For the Mbuti Pygmy sample, YRI tagSNPs capture more than 93% of total SNPs, while tagSNPs from CEU and CHB+JPT only capture 70% and 67%, respectively. Therefore, despite the fact that the YRI set requires the lowest per tagSNP capture rate (1.21), it represents the best reference population in terms of maximizing the information gained (Figure 5B).
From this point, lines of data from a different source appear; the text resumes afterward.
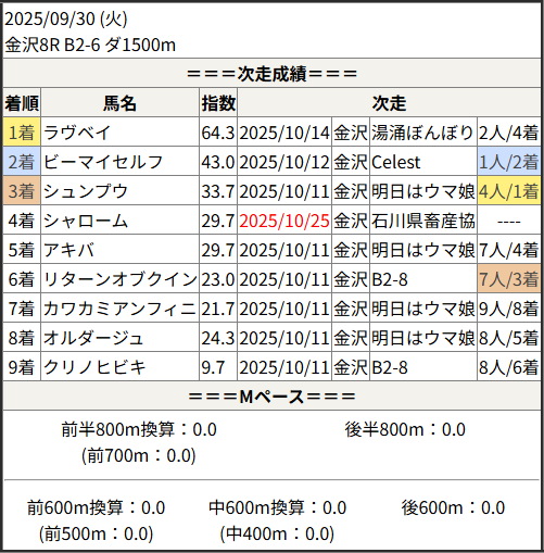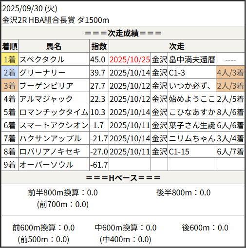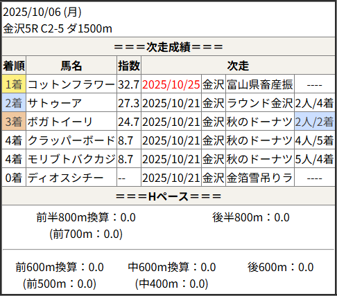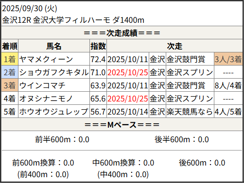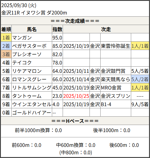 2025/10/25 金沢9R 畠中満夫還暦記念:結果
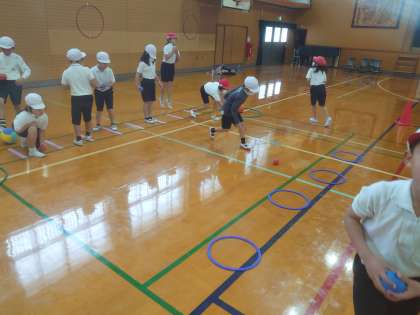 ボールの投げ方も上手で、床に置かれた輪を目指して、力加減を考えて投げることができていました。
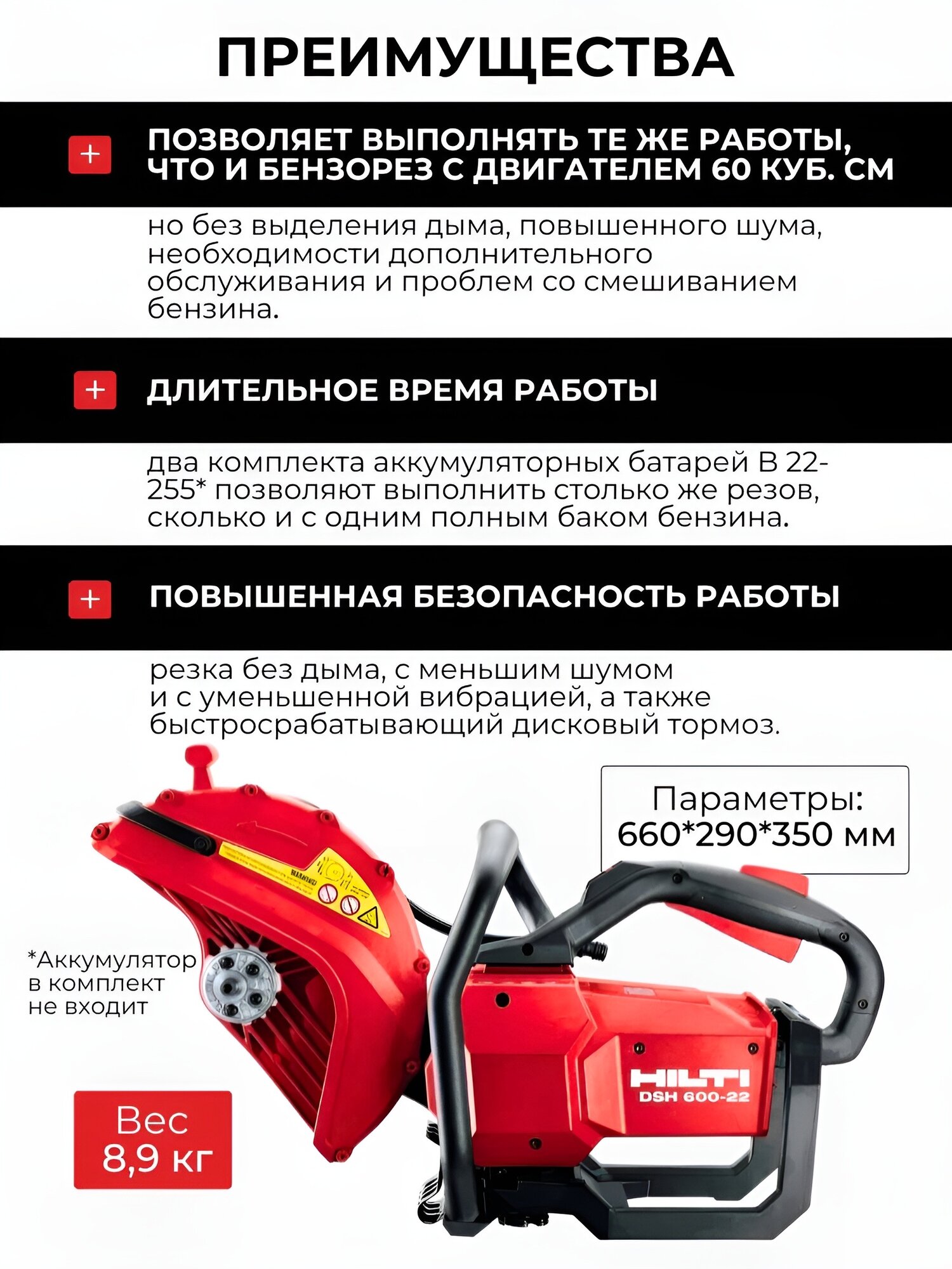 Аккумуляторная отрезная пила HILTI DSH 600-22 2251369 информация:
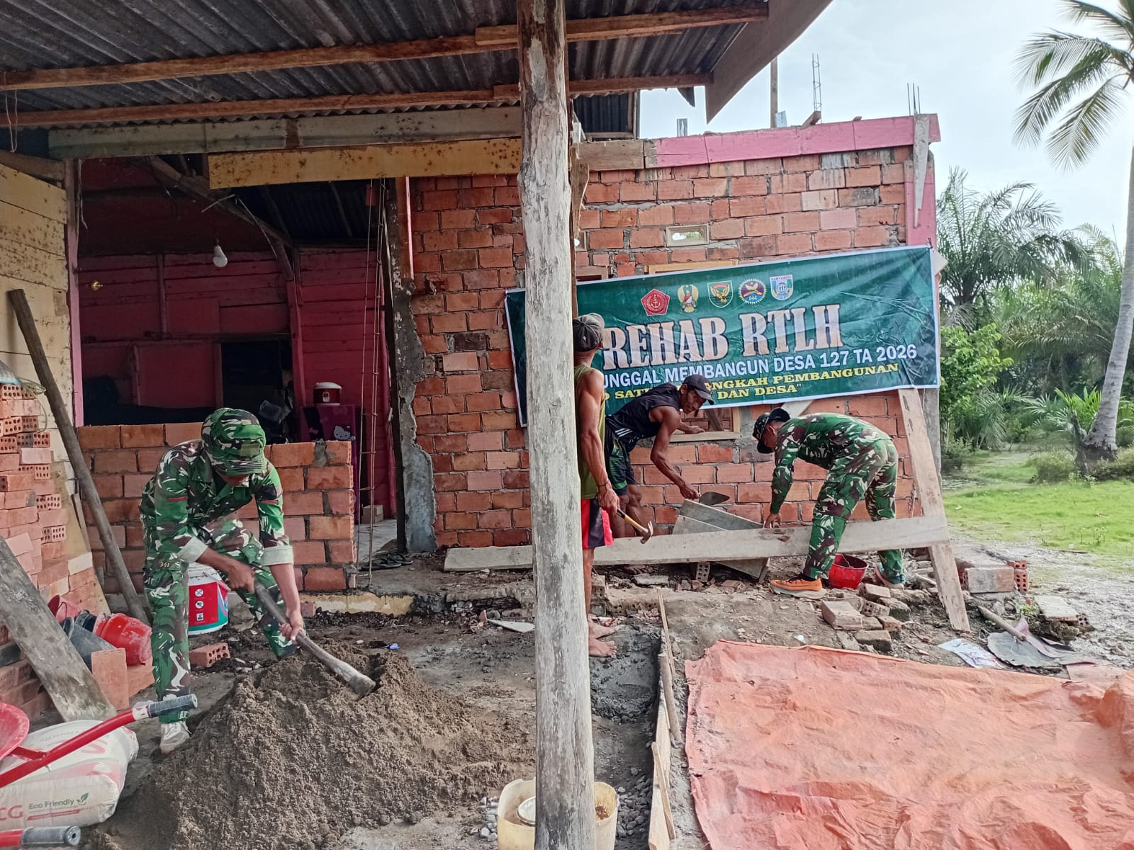 Banyuasin – Dalam upaya mempercepat proses pembangunan Rumah Tidak Layak Huni (RTLH) milik Bapak Paiman, Satgas TMMD 127 dari Kodim 0430/BA bekerja sama dengan masyarakat Desa Wonosari melaksanakan pemasangan tebeng layar. Kegiatan ini menjadi langkah krusial dalam penyelesaian struktur dinding rumah, memastikan kekuatan dan kerapian bangunan.
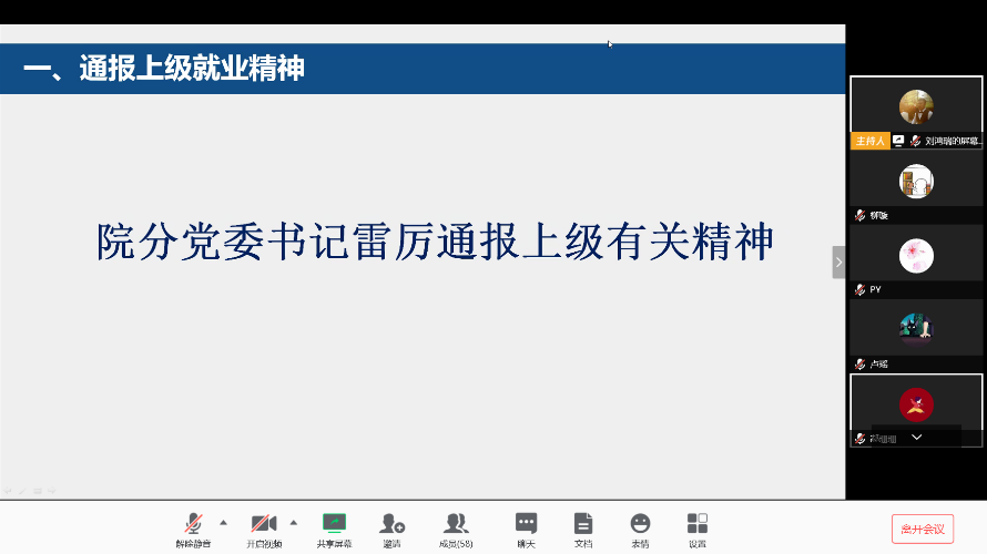 首先,雷厉书记传达了上级有关就业精神,总结了疫情期间学校的就业工作,并向学生解读北京各高校及学校关于就业工作的重要讲话,雷厉书记表示在疫情期间学校及学院的就业工作不停,要求响应学校号召认真落实就业工作,并希望毕业生树立正确的择业观,积极参加网络双选会。
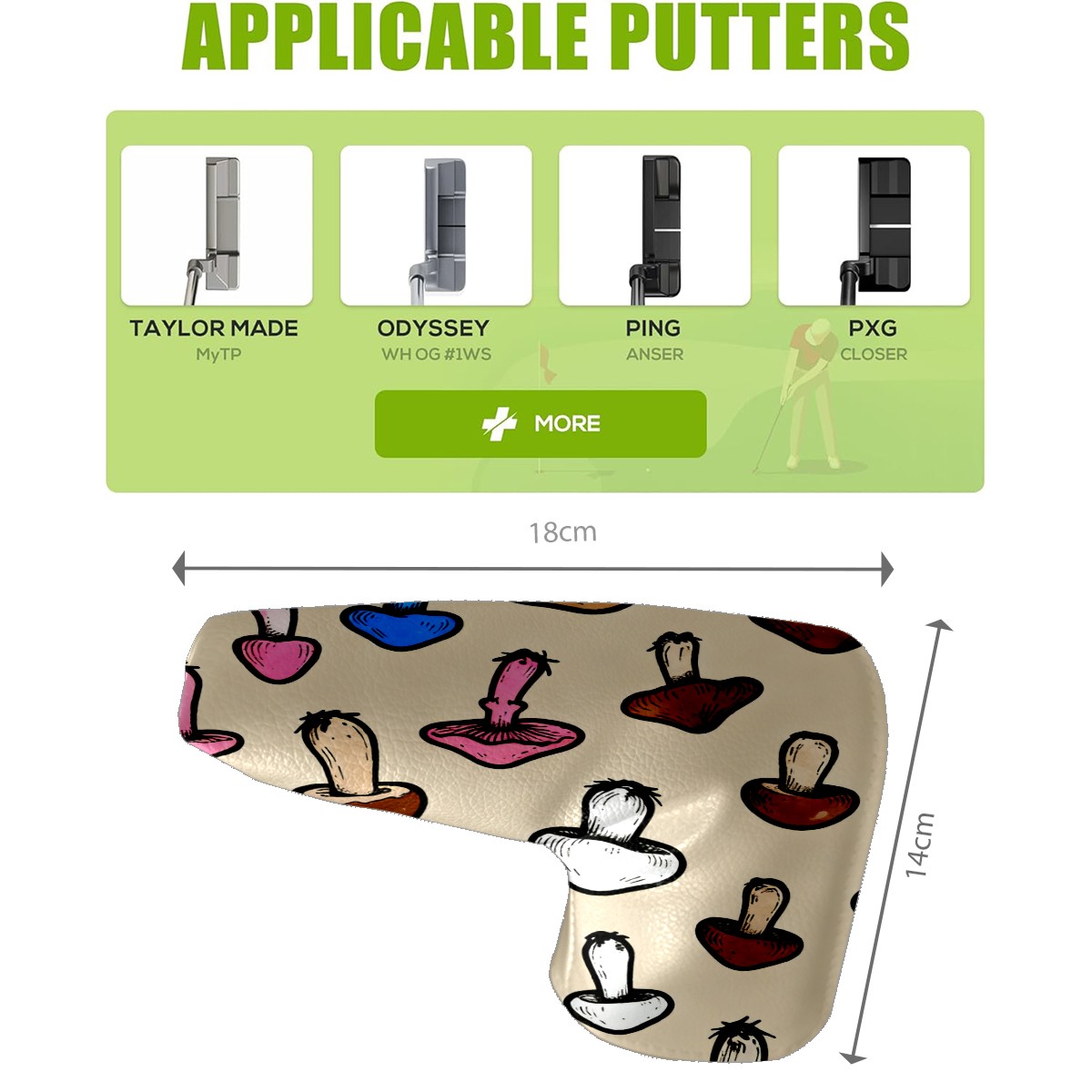 • <p>In the world of golfing equipment, the details often show professionalism and care. We carefully present this putter head protector as a classic golf accessory that will bring a new upgrade to your golf experience. It is a fusion of precision and fashion. The exterior is made of high-quality leather with a tough and textured texture that can effectively resist wear and tear and scratches from daily use. The soft inner lining wraps a gentle protective film around the putter head, avoiding minor scratches and damages caused by collisions and prolonging the life of the putter. The unique closure design is the finishing touch, super strong adhesive force, no matter how you walk on the course, bumps, it is as stable as a mountain, will not easily fall off. It is very convenient to take off the putter cover and put it into the stroke with just one pull, so that every operation is smooth and natural. It is the crystallization of retro and practical. With a strong retro flavor, it pays tribute to the classic tradition of golf. Its shape perfectly fits the unique shape of a mallet putter, providing all-around wrap-around protection for the putter head. The design of the mallet putter head protector is inspired by the golden age of golf, and the retro pattern and color combination make people feel as if they have traveled through time and space to experience the deep historical heritage of the game of golf. Whether on a traditional style golf course or a modern and fashionable course, it fits perfectly and adds a unique charm to your clubs.<br></p>

Performance of pairwise and aggressive tagging algorithm

Finally, we compared the performance of the pairwise tagging algorithm to the aggressive tagging algorithm provided in Haploview. In addition to the pairwise tagging steps in which the algorithm selects a set of markers to capture all SNPs in a dataset with pairwise r2 larger than a pre-set threshold [16], the aggressive tagging algorithm also searches for combinations of multiple markers as predictors for certain alleles and removes the redundant individual tagSNPs during the process. Therefore, higher tagging efficiency can be achieved by this algorithm [24]. The two tagging algorithms performed similarly in our dataset (Table 3). This may be due to the relatively small regions (~50kb) in this study, which prevented the multi-marker approach from making use of long-range LD.


Linkage disequilibrium patterns, and thus tagSNP transferability rates, can be influenced both by the demographic histories of populations and by genomic factors. In accord with other studies, our data show less LD in African than in non-African populations [9], and we find that geographically isolated populations have somewhat lower tagSNP transferability rates. We also observed variation in tagSNP transferability rates among different genomic regions. This may reflect the inherent stochasticity in evolution and the influence of factors that can alter the LD pattern in a region, such as the presence of recombination hotspots, gene content, GC content, and distance relative to centromeres and telomeres.

To date, more than 25 studies have assessed the tagSNPs transferability in a range of world-wide populations (detailed in Table 4). In the following section, we combine the results of our study with those of other recent studies to compose general guidelines for tagSNP selection based on HapMap populations. Figure 6 summarizes the guidelines in a flowchart.

Figure 6
A flow chart for tagSNP selection using HapMap populations.
Table 4
A summary of tagSNP transferability studies.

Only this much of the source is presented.